## To do
Skip pictures in the listing below; copy exactly the lines from the one with "Francesco Russo Black" through the one with "监理工程师职业资格考试设《建", inclusive.

## Data to use

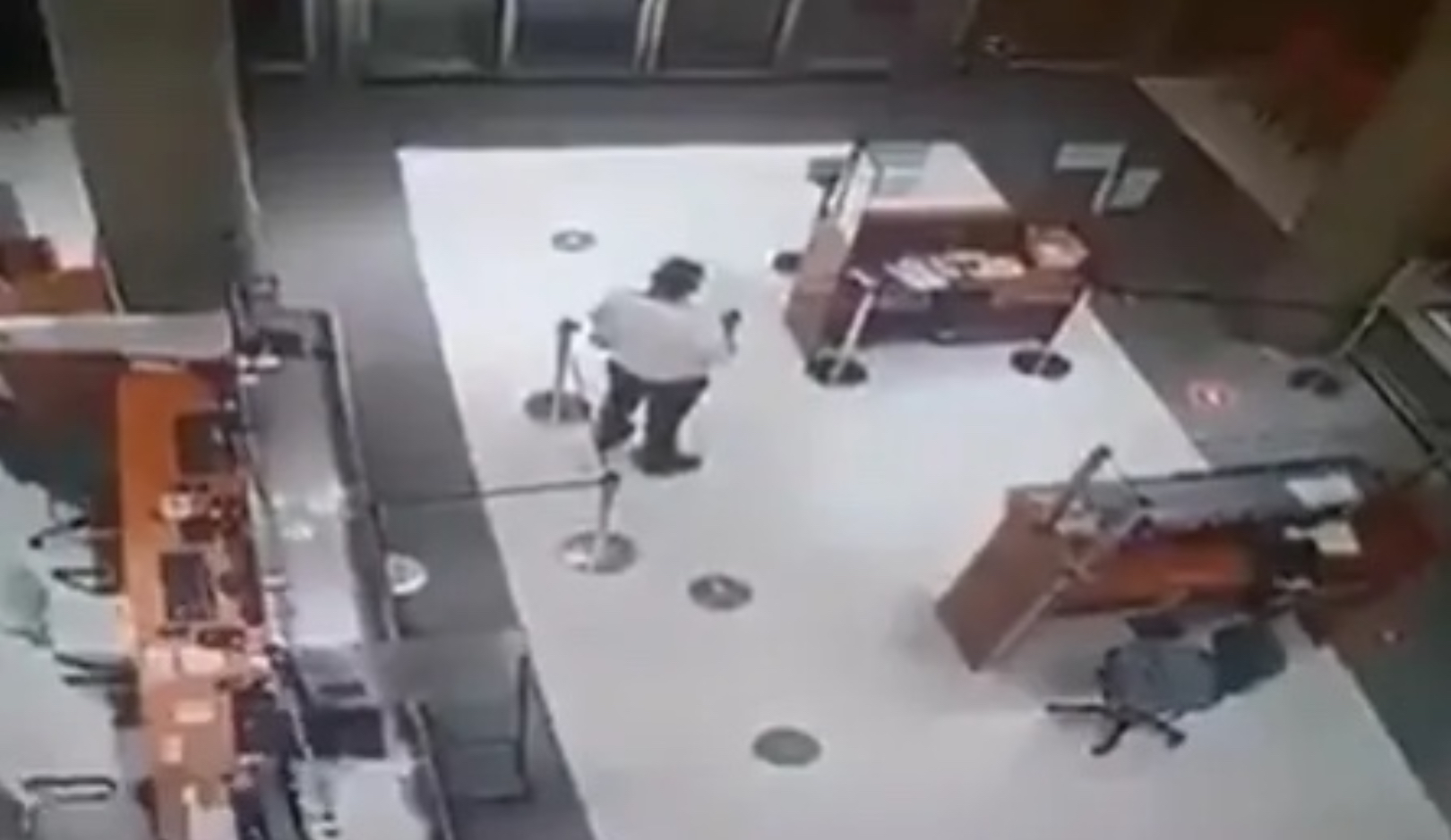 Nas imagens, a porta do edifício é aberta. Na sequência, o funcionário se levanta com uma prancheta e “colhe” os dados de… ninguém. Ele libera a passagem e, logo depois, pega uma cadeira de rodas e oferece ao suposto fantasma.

...

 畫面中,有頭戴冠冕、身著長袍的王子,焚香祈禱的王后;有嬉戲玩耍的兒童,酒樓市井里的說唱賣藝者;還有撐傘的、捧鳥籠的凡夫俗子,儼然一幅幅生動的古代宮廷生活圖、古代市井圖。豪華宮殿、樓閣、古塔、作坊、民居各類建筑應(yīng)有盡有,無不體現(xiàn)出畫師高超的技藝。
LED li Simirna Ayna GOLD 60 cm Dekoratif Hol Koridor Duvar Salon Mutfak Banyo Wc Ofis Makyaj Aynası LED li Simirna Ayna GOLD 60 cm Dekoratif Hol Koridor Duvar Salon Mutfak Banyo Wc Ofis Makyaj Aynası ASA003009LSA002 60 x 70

--

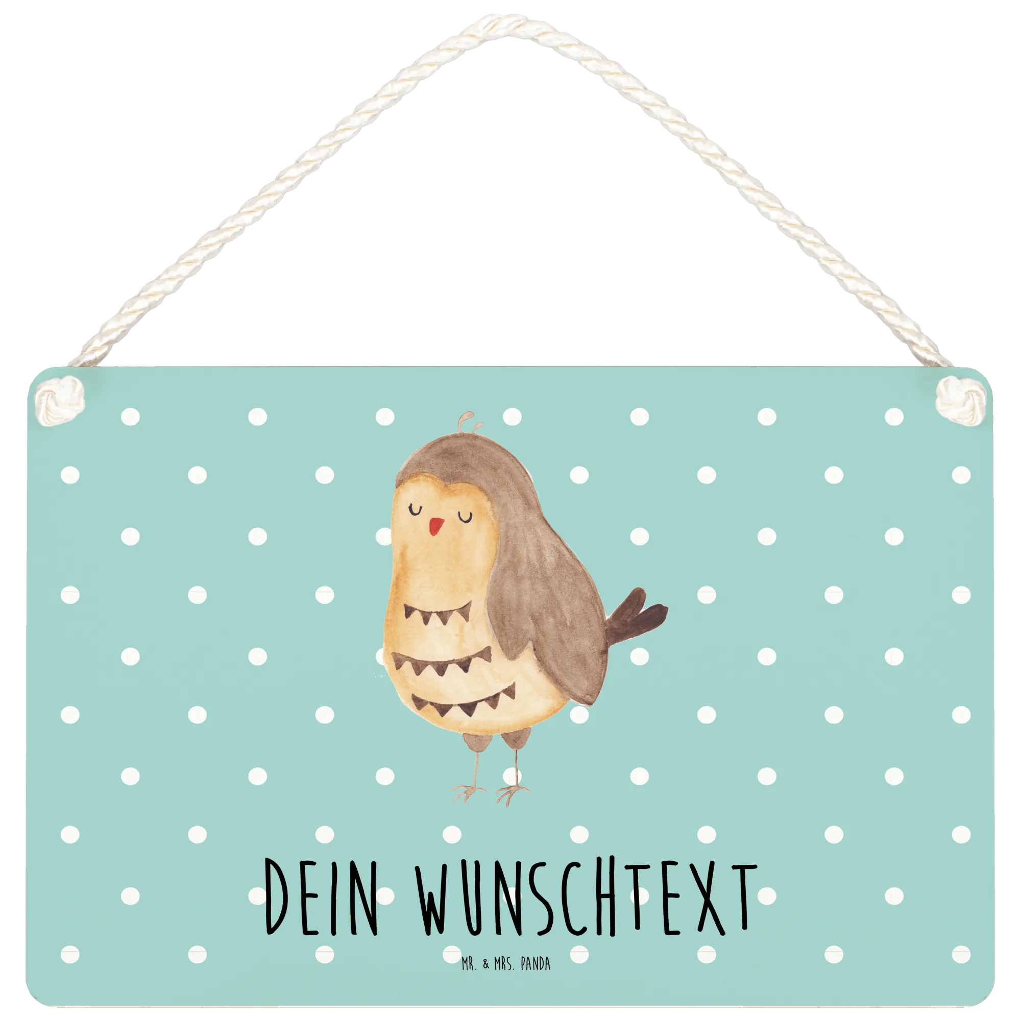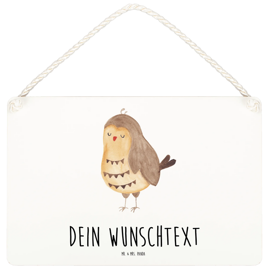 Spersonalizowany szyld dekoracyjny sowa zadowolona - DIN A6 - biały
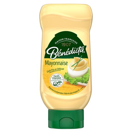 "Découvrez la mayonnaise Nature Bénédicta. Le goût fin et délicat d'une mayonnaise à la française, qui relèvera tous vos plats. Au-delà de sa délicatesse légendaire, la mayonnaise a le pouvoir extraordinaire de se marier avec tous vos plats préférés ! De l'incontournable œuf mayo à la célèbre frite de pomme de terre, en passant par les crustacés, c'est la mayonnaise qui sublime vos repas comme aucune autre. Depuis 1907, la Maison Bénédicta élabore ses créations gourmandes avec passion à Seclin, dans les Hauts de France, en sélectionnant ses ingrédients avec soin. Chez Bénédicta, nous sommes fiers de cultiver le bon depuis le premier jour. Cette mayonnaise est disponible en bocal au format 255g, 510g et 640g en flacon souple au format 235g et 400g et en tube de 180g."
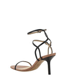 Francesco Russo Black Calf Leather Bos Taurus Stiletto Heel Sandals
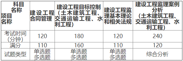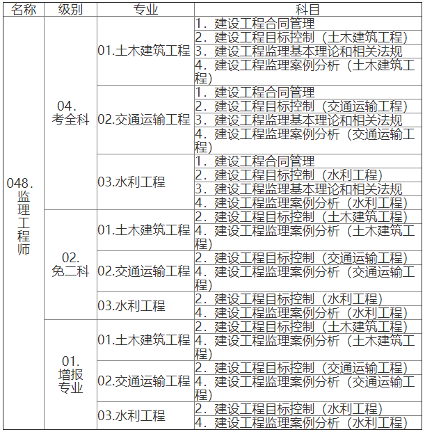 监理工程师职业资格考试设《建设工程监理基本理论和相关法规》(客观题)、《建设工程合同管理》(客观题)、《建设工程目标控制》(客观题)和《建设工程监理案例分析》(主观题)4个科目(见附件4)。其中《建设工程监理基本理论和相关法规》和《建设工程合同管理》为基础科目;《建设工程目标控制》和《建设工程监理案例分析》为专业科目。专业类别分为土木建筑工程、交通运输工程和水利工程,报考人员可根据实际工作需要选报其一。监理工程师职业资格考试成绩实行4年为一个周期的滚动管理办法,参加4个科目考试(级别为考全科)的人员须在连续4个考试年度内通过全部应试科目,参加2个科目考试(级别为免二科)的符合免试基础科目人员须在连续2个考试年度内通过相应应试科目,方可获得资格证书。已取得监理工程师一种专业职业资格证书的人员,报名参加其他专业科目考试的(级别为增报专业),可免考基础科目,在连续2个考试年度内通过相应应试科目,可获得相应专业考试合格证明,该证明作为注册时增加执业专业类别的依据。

## Answer below
 Francesco Russo Black Calf Leather Bos Taurus Stiletto Heel Sandals
 监理工程师职业资格考试设《建设工程监理基本理论和相关法规》(客观题)、《建设工程合同管理》(客观题)、《建设工程目标控制》(客观题)和《建设工程监理案例分析》(主观题)4个科目(见附件4)。其中《建设工程监理基本理论和相关法规》和《建设工程合同管理》为基础科目;《建设工程目标控制》和《建设工程监理案例分析》为专业科目。专业类别分为土木建筑工程、交通运输工程和水利工程,报考人员可根据实际工作需要选报其一。监理工程师职业资格考试成绩实行4年为一个周期的滚动管理办法,参加4个科目考试(级别为考全科)的人员须在连续4个考试年度内通过全部应试科目,参加2个科目考试(级别为免二科)的符合免试基础科目人员须在连续2个考试年度内通过相应应试科目,方可获得资格证书。已取得监理工程师一种专业职业资格证书的人员,报名参加其他专业科目考试的(级别为增报专业),可免考基础科目,在连续2个考试年度内通过相应应试科目,可获得相应专业考试合格证明,该证明作为注册时增加执业专业类别的依据。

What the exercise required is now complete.